Why fewer features can help or hurt
Unit ID: AMLA-M08-U00 Estimated active time: 25-40 minutes
Classroom explanation
This unit belongs to Feature Selection, Dimensionality, and Inspection. The practical focus is feature reduction, pipeline-safe selection, PCA, permutation importance, partial dependence, and ICE limits.
Start from the workflow you already know: define the problem, protect the split, build a baseline, compare honestly, and state limits. The new algorithm detail in this unit should help you make a better choice, not distract you from that workflow.
Fewer features can reduce noise, speed training, and simplify explanation. But removing features can also remove useful signal.
Why this matters
Algorithm names can sound more precise than they really are. A method is useful only when its assumptions, data needs, runtime cost, and explanation limits fit the decision.
In this unit, ask:
- What kind of evidence would make this method worth trying?
- What data shape would make it fragile?
- What simpler baseline must it beat?
- What limitation should appear in the final memo?
Worked example
Dropping weak activity fields may help a small model, but dropping quiz score could remove an important signal.
Use the synthetic learner-support dataset. Compare the module's candidate idea against the dummy baseline and the transparent rule baseline. The goal is not to crown a universal winner. The goal is to decide whether this method deserves a place in the candidate portfolio.
Common mistake
Do not remove features only because their individual relationship looks weak.
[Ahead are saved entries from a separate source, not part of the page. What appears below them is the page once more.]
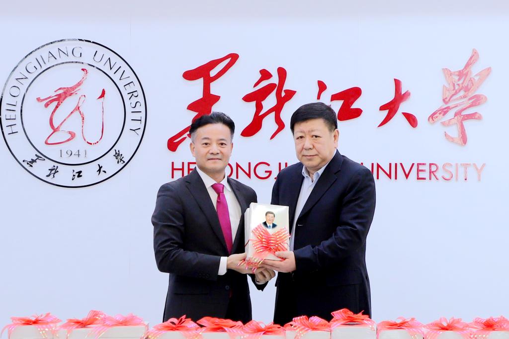 王永清代表学校向北京崇学文化发展有限公司捐赠图书、助力学校教育事业发展表示感谢。他指出,北京崇学文化发展有限公司为学校捐赠《习近平谈治国理政》多语种书籍意义重大。受赠的《习近平谈治国理政》英、法、俄、阿、西、葡、德、日等多语种系列图书,不仅丰富了学校图书馆馆藏文献资源,还为外语师生对照学习相关语种的专业词汇提供了文献保障。他强调,学校图书馆、马克思主义学院、相关外语学院要利用好捐赠图书,加强学习宣传和研究阐释,进一步发挥学校对外合作交流优势,期待同北京崇学文化发展有限公司加强交流与合作。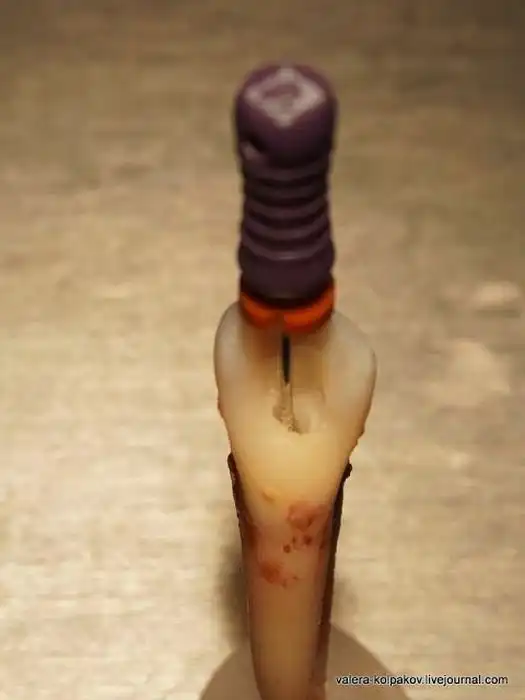 Начинаем осторожно исследовать канал, вводя туда инструмент, который называется эндодонтический файл. Английское слово file имеет еще и значение \«напильник\», потому и внутренности зуба мы будем чистить \«напильниками\». Если бы зуб был живой, я бы мог использовать и другие инструменты, которые бы сначала удалили \«нерв\». На самом деле никакого нерва в обычном понимании эдакого крепенького червячка — там нет. А есть кровяная сопля — зубная пульпа.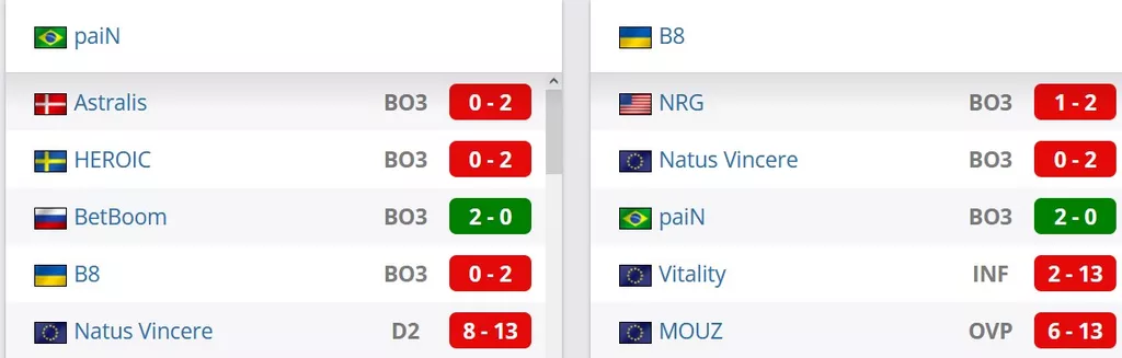 Одна победа в последних шести матчах у коллектива. На двух картах победили BetBoom. Со счетом 7-13 проиграли G2, со счетом 8-13 были слабее Natus Vincere, в нули уступили B8, Astralis и HEROIC.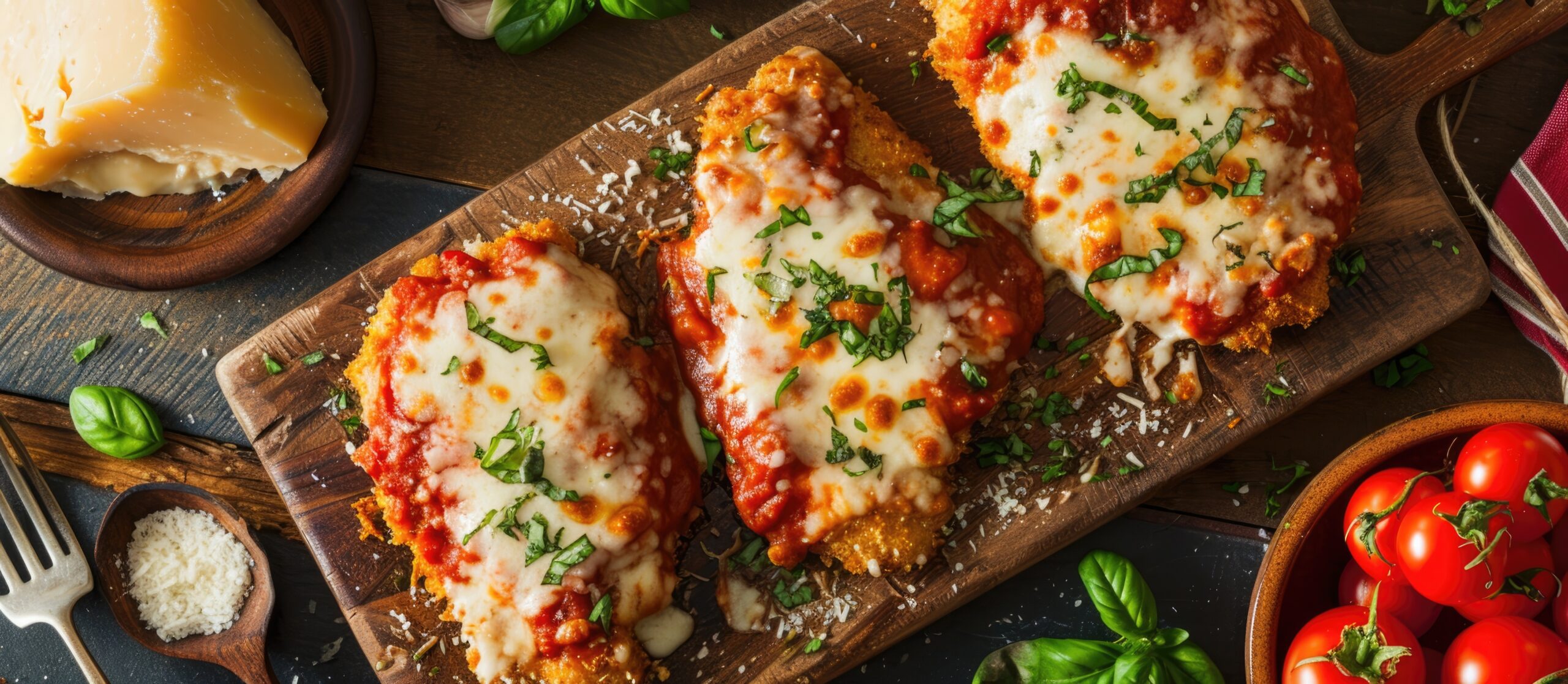 There are dishes that feel like a warm embrace the moment they hit the table, and this is one of them. A tender chicken breast seasoned with fragrant rosemary forms a golden, herb-kissed crust before being nestled into a rich, slow-simmered tomato sauce and finished with a generous blanket of melted parmesan. Below it, silky linguini drinks in every drop of that sauce while broccolini adds a satisfying bite and a whisper of the garden. This is Italian-American comfort at its most soul-satisfying — the kind of plate that quiets a busy day instantly.

A second common mistake is to treat a stronger-sounding algorithm as automatically better. Avoid that by writing the candidate reason before looking at any score.
Practice
Pick one feature to keep and one to question, with reasons.
Add one line to your algorithm comparison report explaining how this unit changes your candidate list. Include one reason to try the method and one reason to delay or reject it.
Takeaway
Why fewer features can help or hurt is useful only when it improves the decision evidence enough to justify its extra assumptions, tuning, or complexity.